In a manufacturing process of a semiconductor device or a flat panel such as a liquid crystal display, a desired microscopic structure (e.g., holes, trenches, or the like) pattern is formed on a substrate such as a semiconductor wafer or a FPD substrate by performing various processes such as a film forming process and an etching process on the substrate. Recently, the semiconductor device tends to be highly integrated year by year. To meet a demand for miniaturization of patterns formed on the substrate, improvement in resist materials or exposure technology has been sought for and, thus, dimensions of an opening of a resist pattern are getting finer.
Along with the miniaturization of the semiconductor device, there has occurred a problem that when an etching target film on a substrate is etched by using a resist pattern as a mask, dimensions of the opening of the resist pattern may be enlarged or a sidewall of a recess in the etching target film may be overetched, resulting in a deviation of a critical dimension (CD) of a hole or a trench from a target value and a failure to obtain designed device characteristics.
Recently, as a solution to this problem, various researches have been conducted to develop a technique for preventing a deviation of a critical dimension of a pattern formed on an etching target film from a target value or to develop a technique for forming a pattern of an opening dimension smaller than an opening dimension of the resist pattern on an etching target film. In such techniques, an etching process is performed after reducing the opening dimension of the resist pattern by performing a deposition process for depositing a deposit on the resist pattern by supplying, e.g., a CHF-based processing gas (see, for example, Patent Documents 1 and 2).
Patent Document 1: Japanese Patent Laid-open Publication No. 2007-194284    Patent Document 2: Japanese Patent Laid-open Publication No. 2007-273866
In the deposition process, a deposit may be uniformly and effectively deposited on a sidewall of an opening of the resist pattern by increasing radical density. To increase the radical density, it may be desirable to supply a processing gas after increasing an internal pressure of a processing chamber to, e.g., about 100 mTorr or higher.
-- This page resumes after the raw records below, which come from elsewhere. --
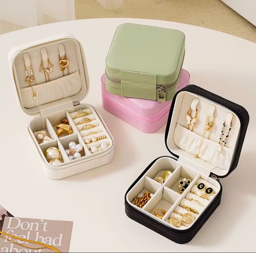 Gardez vos bijoux organisés avec cette boîte à bijoux portable élégante. Avec ses compartiments bien conçus, elle est idéale pour ranger vos bagues, colliers et boucles d'oreilles en toute sécurité. Parfaite pour les voyages, elle se glisse facilement dans votre sac à main. Disponible en plusieurs couleurs chic.
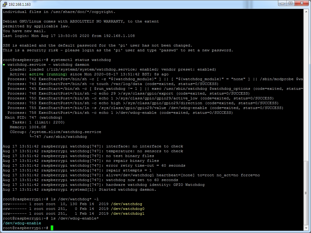 integrated into the Raspbian kernel and OS there are pre-built utilities for configuring and managing watchdogs, in this example we will show how to configure the OS such that a file's last update timestamp will trigger a watchdog time out.
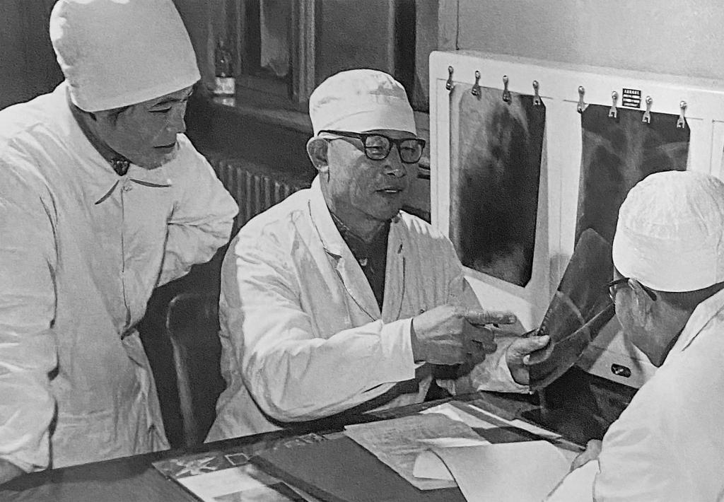 1980年1月16日,辛育龄(中)在内蒙古结核病院与胸外科医师讨论病例(翻拍照片)。新华社记者张玉薇摄

In the deposition process, however, as the internal pressure of the processing chamber increases, critical dimensions of patterns formed after the etching was observed to become non-uniform. As the internal pressure of the processing chamber increases, dissociation of the processing gas may be facilitated, and, thus, a difference in dissociation degree of the processing gas may be generated in a diametric direction of the substrate, which in turn may cause non-uniformity in deposition degree on the surface of the substrate. Thus, the non-uniformity in the critical dimensions of the patterns on the substrate is deemed to be caused by such non-uniformity in the deposition degree on the surface of the substrate. Although the non-uniformity of the critical dimensions is in the order of nanometer (nm), such a slight degree of non-uniformity may not be regarded negligible to meet a demand for further miniaturization of the patterns.